**WORK REQUIRED**
Restate the entries below exactly, and keep all images out of the answer.

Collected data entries

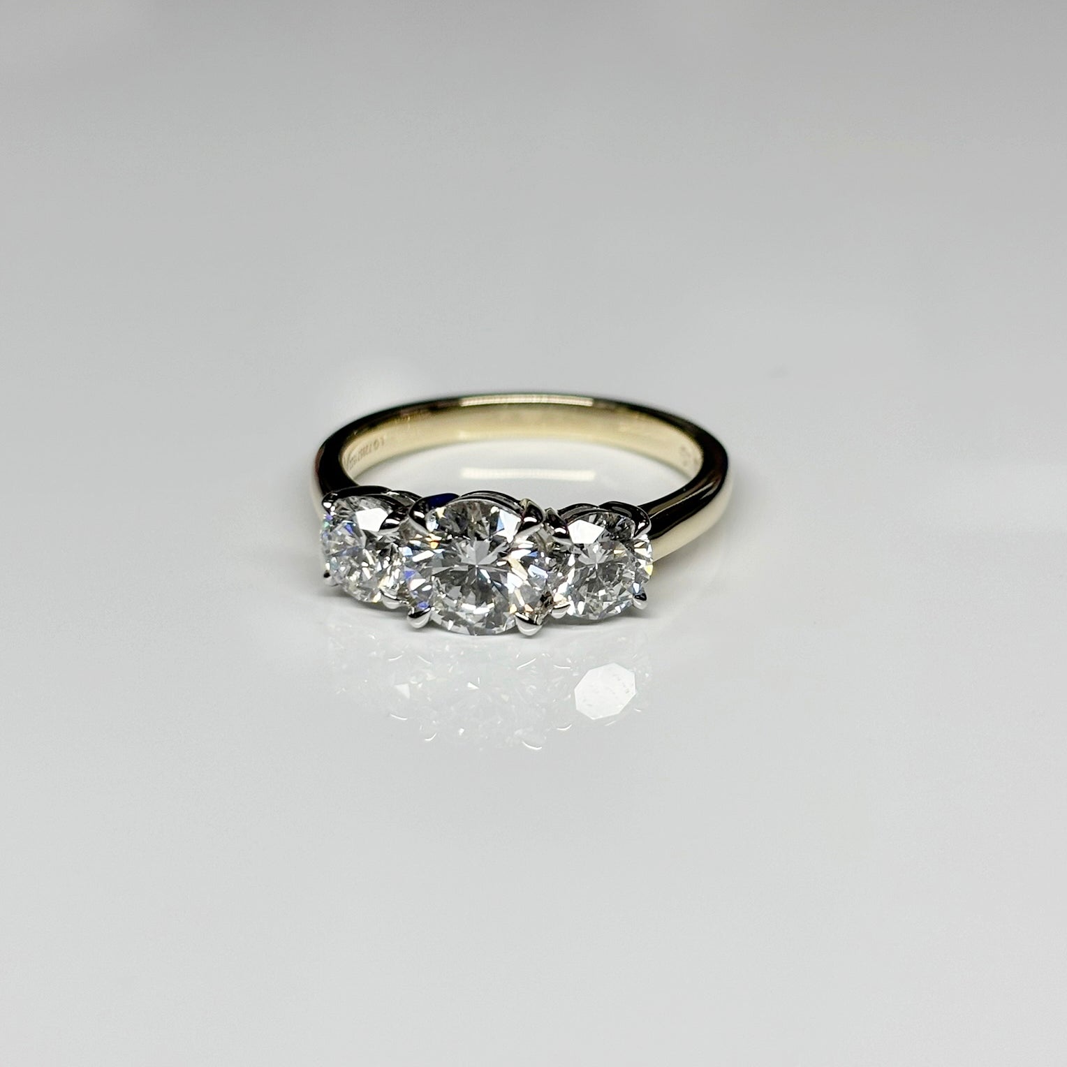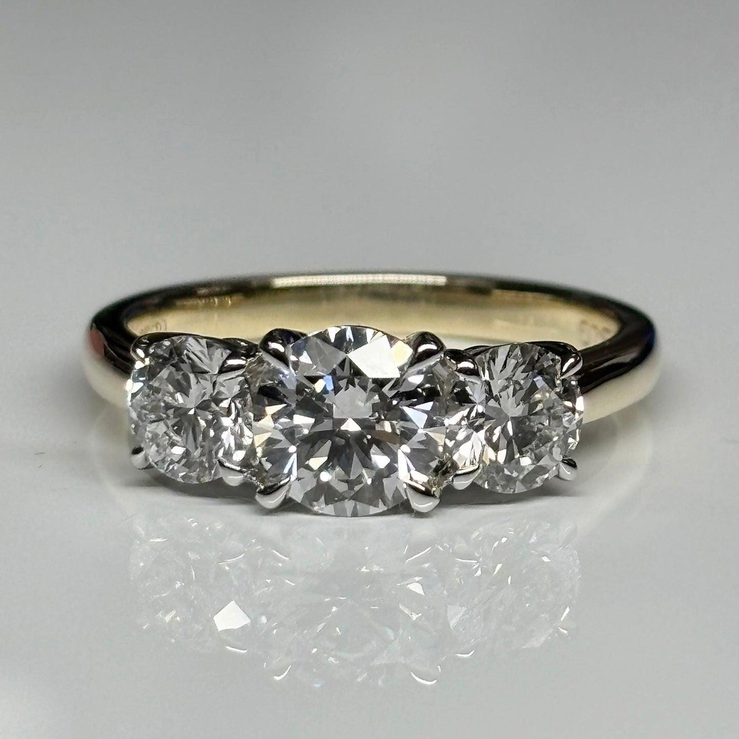 9ct Yellow and White gold trilogy style ring claw set with 1=1.00ct and 2=1.00ct round brilliant-cut Lab grown diamonds (DEF/VS).
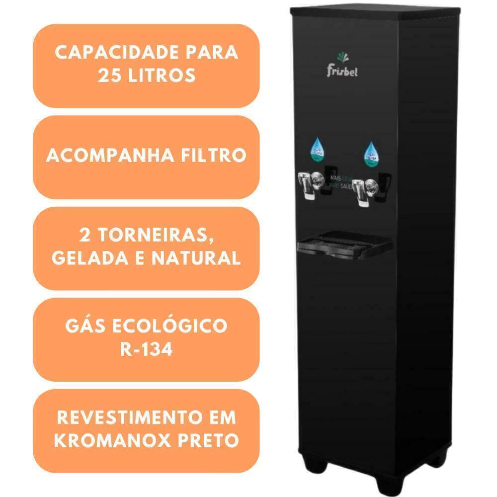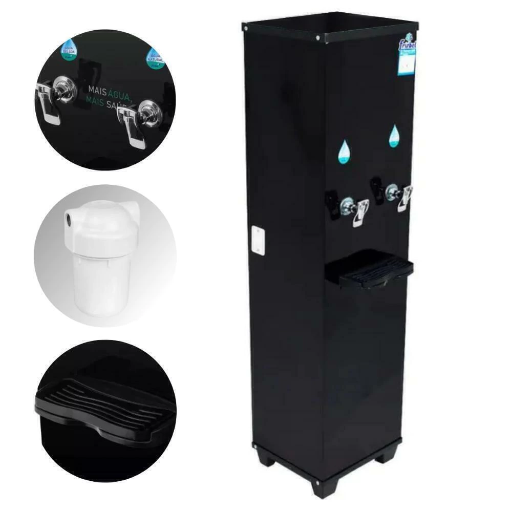 Bebedouro Industrial Office Black Coluna 25 Litros 1 Torneira Gelada 1 Torneira Natural - Frisbel
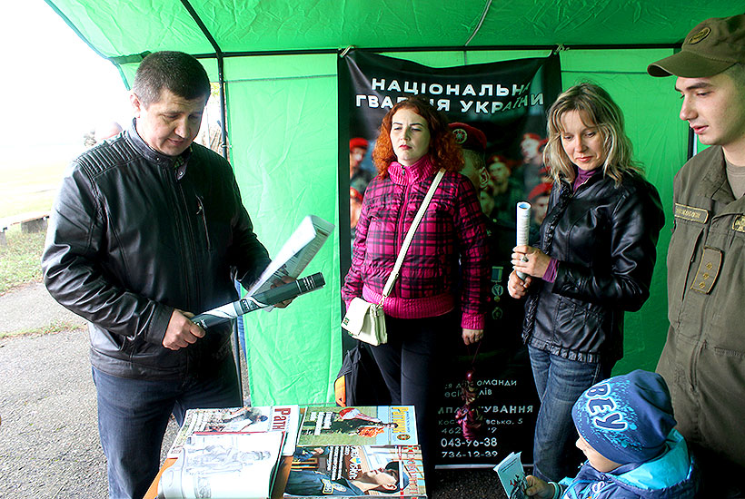 Багато корисної інформації люди могли побачити в агітаційному наметі про соціальний та правовий захист військовослужбовців та членів їх сімей, фінансове забезпечення, інформація про історію створення частини, а також про участь бійців Нацгвардії в анти терористичній операції на Сході нашої країни.
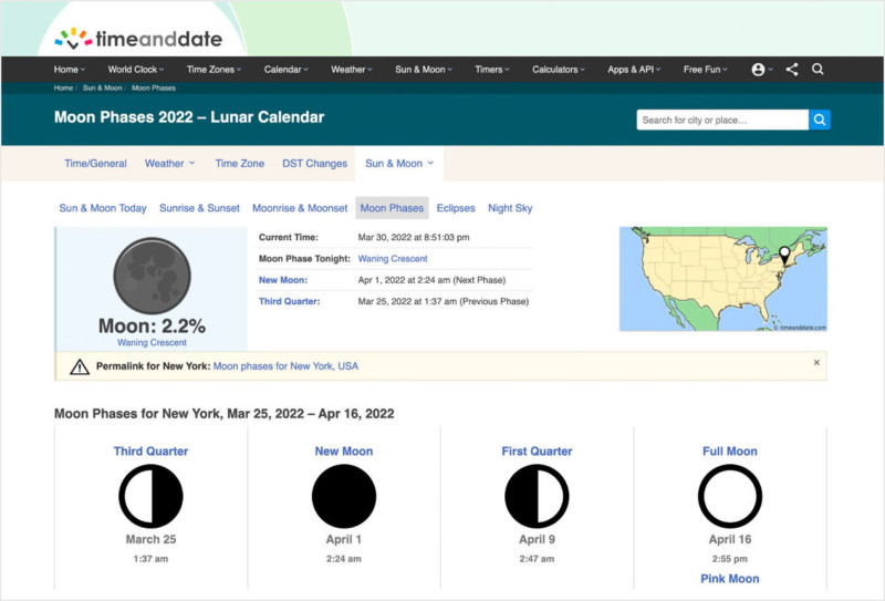 المرحلة التالية (يا للمفارقة!) في هذه الرحلة هي تحديد طور القمر. يوفر تطبيق Clear Outside وتطبيق Astrospheric هذه الخاصية، ولكن إذا كنت ترغب حقًا في التخطيط مسبقًا، فراجع موقع www.timeanddate.com أدخل موقعك وانتقل إلى الوقت الذي تريد التصوير فيه.
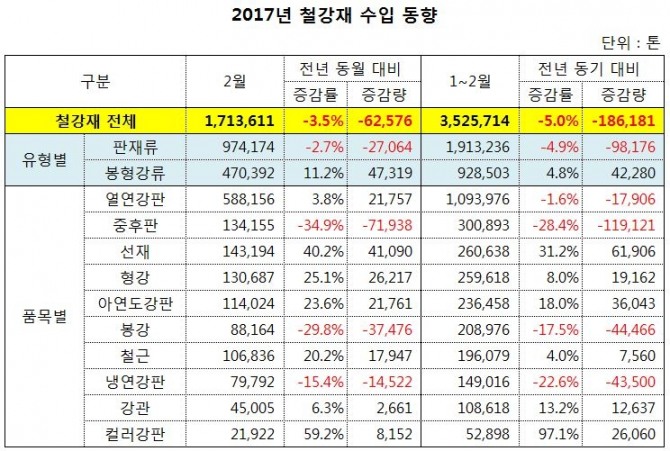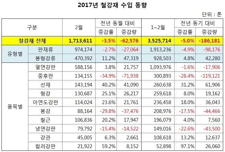 올 1~2월 철강재 수입 353만 톤 기록 5% 감소…판재류 품목별 온도차
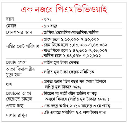 গত বৃহস্পতিবার জীবন বিমা নিগম (এলআইসি)-এর মাধ্যমে বাজারে ছাড়া হয়েছে ৮% আয়ের ১০ বছর মেয়াদি এই বিশেষ প্রকল্প, যার নাম দেওয়া হয়েছে প্রধানমন্ত্রী বয় বন্দনা যোজনা (পিএমভিভিওয়াই) বা প্ল্যান ৮৪২। প্রকল্পটি চালু থাকবে আগামী এক বছর অর্থাৎ ২০১৮ সালের ৩ মে পর্যন্ত। ৬০ বছর বয়স পূর্ণ হলে তবেই লগ্নি করা যাবে এই প্রকল্পে। সর্বাধিক রাখা যাবে ৭.৫ লক্ষ টাকা। এই সীমা পরিবার পিছু (স্বামী, স্ত্রী এবং নির্ভরশীল ব্যক্তি) প্রযোজ্য। সুদ দেওয়া হবে মাসিক, ত্রৈমাসিক, ষাণ্মাসিক অথবা বার্ষিক হিসাবে। বছরে সুদ নিলে আয় দাঁড়ায় ৮.৩%। বর্তমান ব্যাঙ্ক সুদের তুলনায় যা অনেকটাই বেশি। প্রতি মাসে পেনশন নিলে ৭.৫ লক্ষ টাকা লগ্নিতে আপনার ব্যাঙ্কে মাস গেলে আসবে ৫,০০০ টাকা, বছরে ৬০,০০০। এই আয় কিন্তু করযোগ্য। আয় বার্ষিক হিসেবে নিলে ওই ৬০,০০০ টাকার জন্য আপনাকে লগ্নি করতে হবে ৭,২২,৮৯২ টাকা। এলআইসি-র এই প্রকল্পে কত লগ্নিতে কত আয়, তার পুরো পরিসংখ্যান দেওয়া হল সঙ্গের সারণিতে। লগ্নির টাকা বন্ধক রেখে ৩ বছর পূর্ণ হওয়ার পরে ৭৫% পর্যন্ত ঋণ নেওয়া যাবে। মেয়াদ শেষে গ্রাহককে পুরো টাকা ফেরত দিয়ে দেওয়া হবে। তবে তার আগে মৃত্যু হলে টাকা ফেরত দেওয়া হবে গ্রাহকের নমিনিকে।
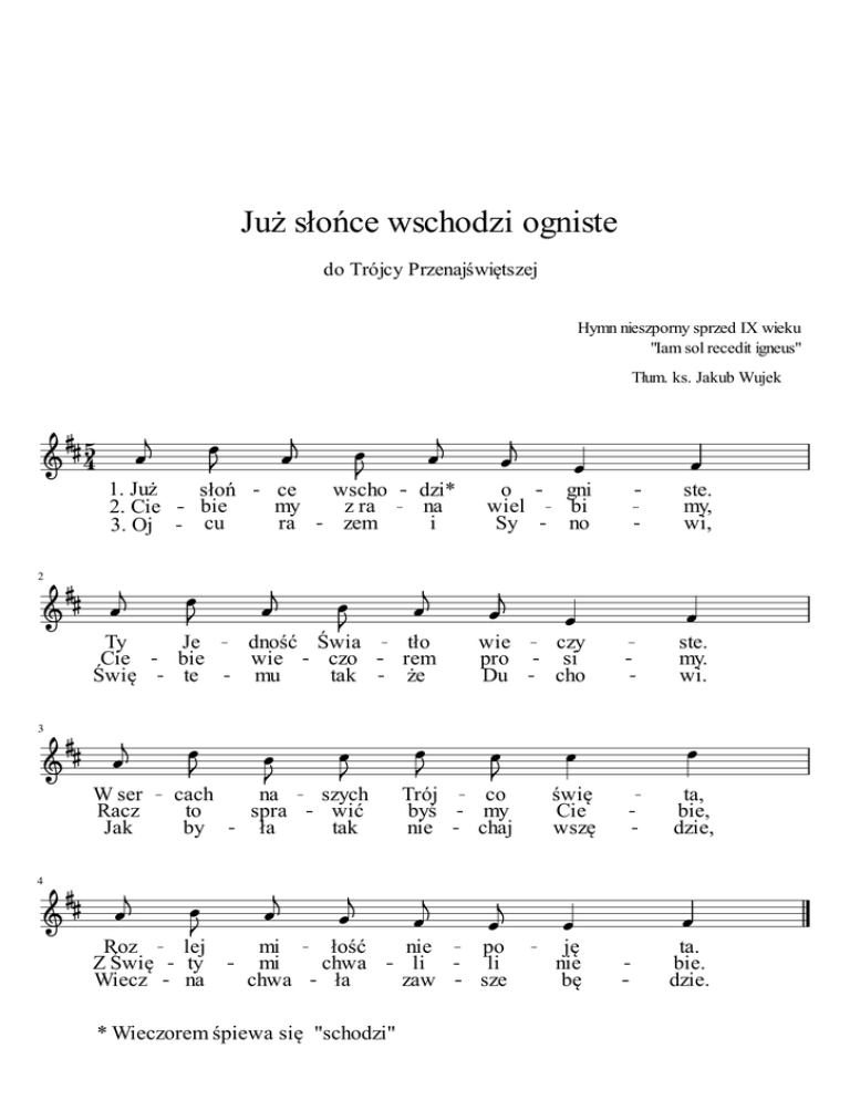 Już słońce wschodzi ogniste do Trójcy Przenajświętszej Hymn nieszporny sprzed IX wieku "Iam sol recedit igneus" Tłum. ks. Jakub Wujek 5 4 1. Już 2. Cie 3. Oj słoń bie cu ce my ra wscho z ra zem dzi* na i o wiel Sy gni bi no ste. my, wi, 2 Ty Cie Świę Je bie te dność Świa wie czo mu tak tło rem że wie pro Du czy si cho ste. my. wi. 3 W ser Racz Jak cach to by na spra ła szych wić tak Trój byś nie co my chaj świę Cie wszę ta, bie, dzie, nie li zaw po li sze ję nie bę ta. bie. dzie. 4 Roz Z Świę Wiecz lej ty na mi mi chwa łość chwa ła * Wieczorem śpiewa się "schodzi"
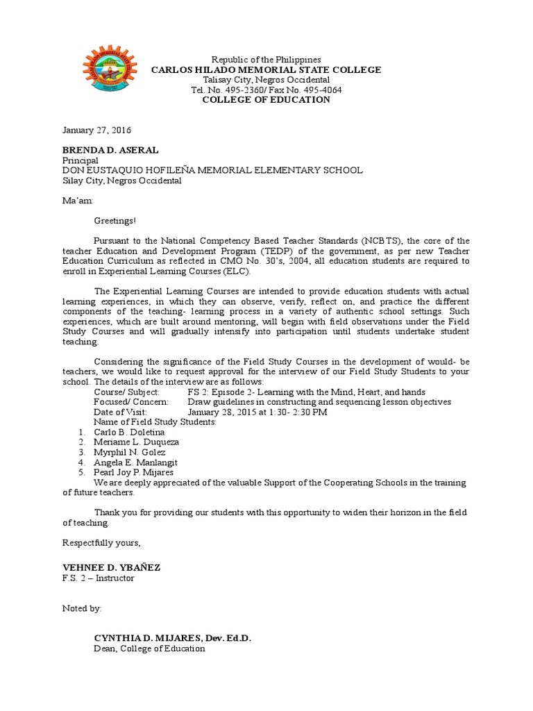 teachers, we would like to request approval for the interview of our Field Study Students to your

**EXPECTED OUTPUT**
 9ct Yellow and White gold trilogy style ring claw set with 1=1.00ct and 2=1.00ct round brilliant-cut Lab grown diamonds (DEF/VS).
 Bebedouro Industrial Office Black Coluna 25 Litros 1 Torneira Gelada 1 Torneira Natural - Frisbel
 Багато корисної інформації люди могли побачити в агітаційному наметі про соціальний та правовий захист військовослужбовців та членів їх сімей, фінансове забезпечення, інформація про історію створення частини, а також про участь бійців Нацгвардії в анти терористичній операції на Сході нашої країни.
 المرحلة التالية (يا للمفارقة!) في هذه الرحلة هي تحديد طور القمر. يوفر تطبيق Clear Outside وتطبيق Astrospheric هذه الخاصية، ولكن إذا كنت ترغب حقًا في التخطيط مسبقًا، فراجع موقع www.timeanddate.com أدخل موقعك وانتقل إلى الوقت الذي تريد التصوير فيه.
 올 1~2월 철강재 수입 353만 톤 기록 5% 감소…판재류 품목별 온도차
 গত বৃহস্পতিবার জীবন বিমা নিগম (এলআইসি)-এর মাধ্যমে বাজারে ছাড়া হয়েছে ৮% আয়ের ১০ বছর মেয়াদি এই বিশেষ প্রকল্প, যার নাম দেওয়া হয়েছে প্রধানমন্ত্রী বয় বন্দনা যোজনা (পিএমভিভিওয়াই) বা প্ল্যান ৮৪২। প্রকল্পটি চালু থাকবে আগামী এক বছর অর্থাৎ ২০১৮ সালের ৩ মে পর্যন্ত। ৬০ বছর বয়স পূর্ণ হলে তবেই লগ্নি করা যাবে এই প্রকল্পে। সর্বাধিক রাখা যাবে ৭.৫ লক্ষ টাকা। এই সীমা পরিবার পিছু (স্বামী, স্ত্রী এবং নির্ভরশীল ব্যক্তি) প্রযোজ্য। সুদ দেওয়া হবে মাসিক, ত্রৈমাসিক, ষাণ্মাসিক অথবা বার্ষিক হিসাবে। বছরে সুদ নিলে আয় দাঁড়ায় ৮.৩%। বর্তমান ব্যাঙ্ক সুদের তুলনায় যা অনেকটাই বেশি। প্রতি মাসে পেনশন নিলে ৭.৫ লক্ষ টাকা লগ্নিতে আপনার ব্যাঙ্কে মাস গেলে আসবে ৫,০০০ টাকা, বছরে ৬০,০০০। এই আয় কিন্তু করযোগ্য। আয় বার্ষিক হিসেবে নিলে ওই ৬০,০০০ টাকার জন্য আপনাকে লগ্নি করতে হবে ৭,২২,৮৯২ টাকা। এলআইসি-র এই প্রকল্পে কত লগ্নিতে কত আয়, তার পুরো পরিসংখ্যান দেওয়া হল সঙ্গের সারণিতে। লগ্নির টাকা বন্ধক রেখে ৩ বছর পূর্ণ হওয়ার পরে ৭৫% পর্যন্ত ঋণ নেওয়া যাবে। মেয়াদ শেষে গ্রাহককে পুরো টাকা ফেরত দিয়ে দেওয়া হবে। তবে তার আগে মৃত্যু হলে টাকা ফেরত দেওয়া হবে গ্রাহকের নমিনিকে।
 Już słońce wschodzi ogniste do Trójcy Przenajświętszej Hymn nieszporny sprzed IX wieku "Iam sol recedit igneus" Tłum. ks. Jakub Wujek 5 4 1. Już 2. Cie 3. Oj słoń bie cu ce my ra wscho z ra zem dzi* na i o wiel Sy gni bi no ste. my, wi, 2 Ty Cie Świę Je bie te dność Świa wie czo mu tak tło rem że wie pro Du czy si cho ste. my. wi. 3 W ser Racz Jak cach to by na spra ła szych wić tak Trój byś nie co my chaj świę Cie wszę ta, bie, dzie, nie li zaw po li sze ję nie bę ta. bie. dzie. 4 Roz Z Świę Wiecz lej ty na mi mi chwa łość chwa ła * Wieczorem śpiewa się "schodzi"
 teachers, we would like to request approval for the interview of our Field Study Students to your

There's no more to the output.